Data entries:
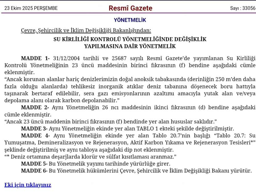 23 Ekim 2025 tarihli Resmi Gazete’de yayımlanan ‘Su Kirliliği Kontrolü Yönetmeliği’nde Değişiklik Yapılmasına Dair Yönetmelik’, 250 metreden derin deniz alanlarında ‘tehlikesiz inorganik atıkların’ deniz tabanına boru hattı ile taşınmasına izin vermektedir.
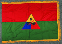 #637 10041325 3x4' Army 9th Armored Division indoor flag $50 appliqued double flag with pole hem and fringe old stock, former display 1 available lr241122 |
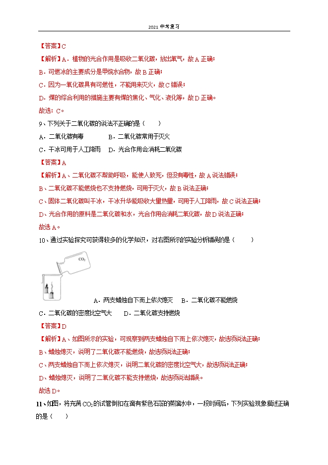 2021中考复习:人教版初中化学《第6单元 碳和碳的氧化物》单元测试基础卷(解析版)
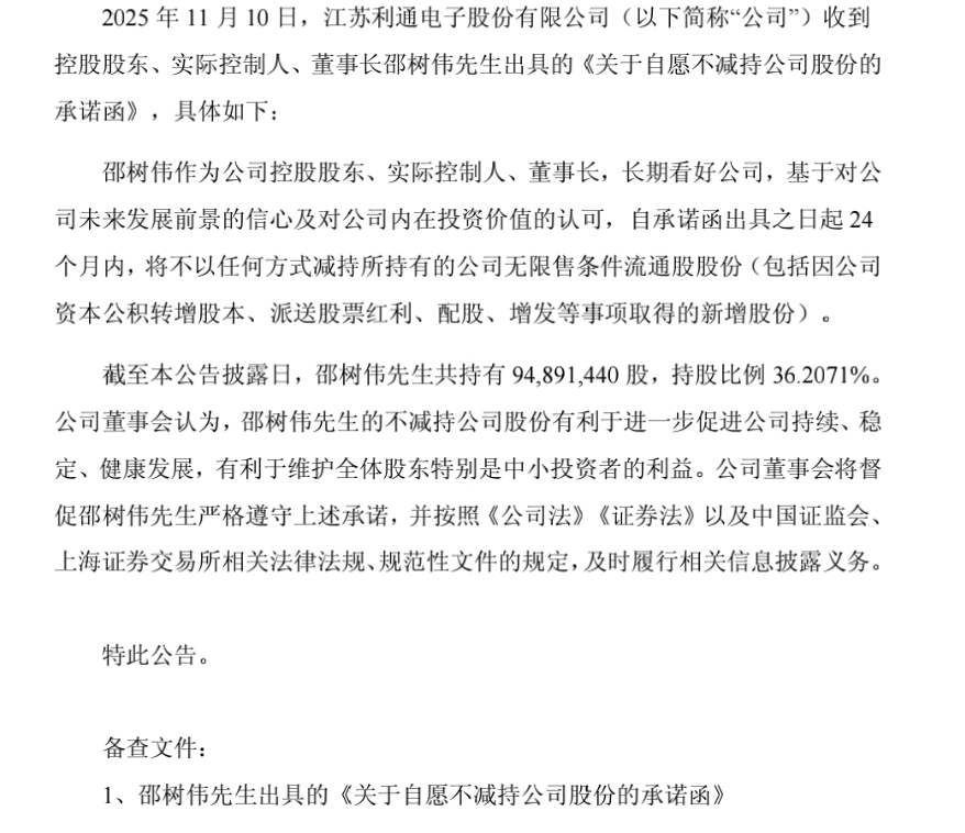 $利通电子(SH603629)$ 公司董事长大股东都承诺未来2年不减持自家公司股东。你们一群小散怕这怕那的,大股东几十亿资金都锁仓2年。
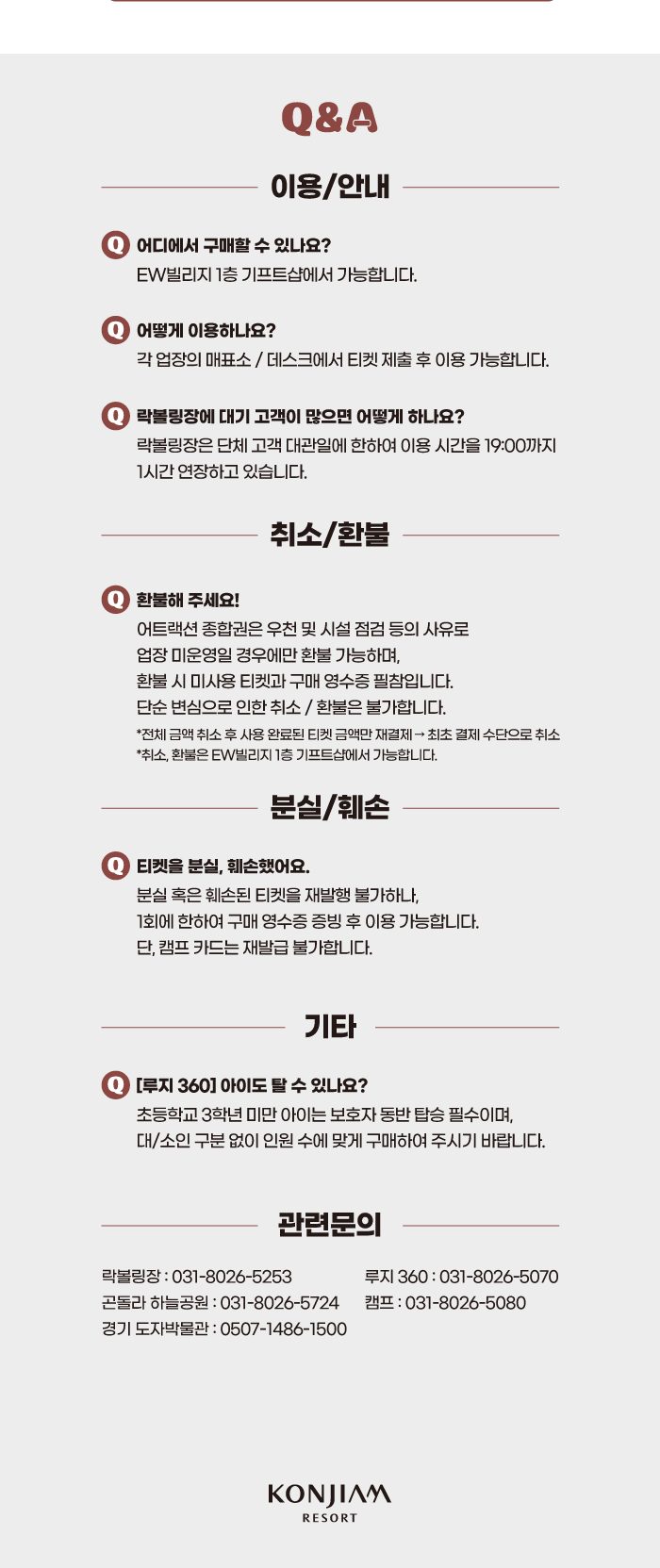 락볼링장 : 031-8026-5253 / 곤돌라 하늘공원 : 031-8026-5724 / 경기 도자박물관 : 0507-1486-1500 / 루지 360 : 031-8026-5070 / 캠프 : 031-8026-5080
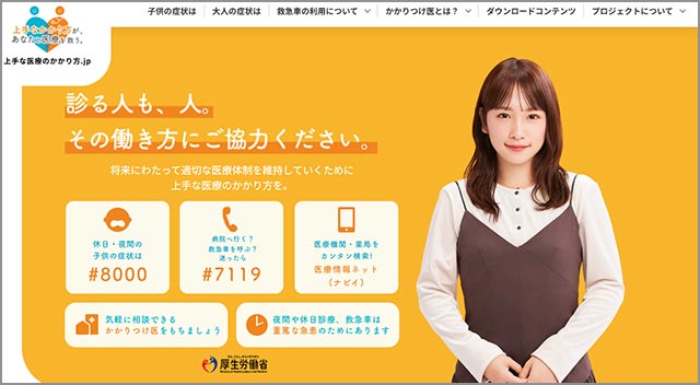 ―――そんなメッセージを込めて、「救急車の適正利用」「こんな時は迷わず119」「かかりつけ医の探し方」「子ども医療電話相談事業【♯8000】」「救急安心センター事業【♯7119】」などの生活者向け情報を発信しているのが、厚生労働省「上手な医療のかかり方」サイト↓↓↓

* Problem to work on: Would you write out exactly the lines above, starting at the line containing "2021中考复习:人教版初中" and stopping after the line containing "락볼링장 : 031-8026-5253"? Omit the pictures.

* Output for this exercise:
 2021中考复习:人教版初中化学《第6单元 碳和碳的氧化物》单元测试基础卷(解析版)
 $利通电子(SH603629)$ 公司董事长大股东都承诺未来2年不减持自家公司股东。你们一群小散怕这怕那的,大股东几十亿资金都锁仓2年。
 락볼링장 : 031-8026-5253 / 곤돌라 하늘공원 : 031-8026-5724 / 경기 도자박물관 : 0507-1486-1500 / 루지 360 : 031-8026-5070 / 캠프 : 031-8026-5080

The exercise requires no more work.